“What should we buy him for his birthday?” My wife asks as we walk, arbitrarily, up and down the toy aisles shopping for our eight-year-old nephew.
“How about a book,” I reply. Disconcertingly, my wife disagrees with my feeble suggestion and instead we purchase him a National Geographic Deep Sea Jellyfish Aquarium for $34.99. Maybe we should have bought him a book instead?
According to the 99-page study, “To Read or Not to Read: A Question of Nation Consequence,” released on November 26, 2007, and reported on by CBS news on November 30, 2007, the National Endowment for the Arts has found an increasing number of adult Americans are not even reading one book a year.
It gets worse.
* Only 54% of nine-year-olds read every day for “fun.”
* 72% of employers deem high school GRADUATES as “deficient” in writing English.
* On average, Americans ages 15 to 24 spend almost two hours a day watching TV, and only seven minutes of their daily leisure time on reading.
* Reading scores for American adults of almost all education levels have deteriorated, notably among the best-educated groups.

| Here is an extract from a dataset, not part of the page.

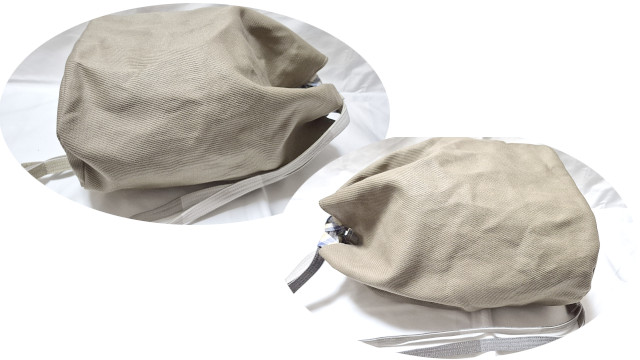 決してたたんで収納してはいけないハードさ、このたびのナップサック製作においてもくるくると丸めた筒形の収納をしてまいりました。

From 1992 to 2003, the percentage of adults with graduate school experience who were rated proficient in prose reading dropped by 10 points, a 20 percent rate of decline.
* In 2002, only 52 percent of Americans ages 18 to 24, the college years, read a book voluntarily, down from 59 percent in 1992.
* American 15-year-olds ranked fifteenth in average reading scores for 31 industrialized nations, behind Poland, Korea, France, and Canada, among others.
* Money spent on books, adjusted for inflation, dropped 14 percent from 1985 to 2005 and has fallen dramatically since the mid-1990s.
* The number of adults with bachelor's degrees and "proficient in reading prose" dropped from 40 percent in 1992 to 31 percent in 2003.
What should we be buying our friends for Christmas? How about a book; or two?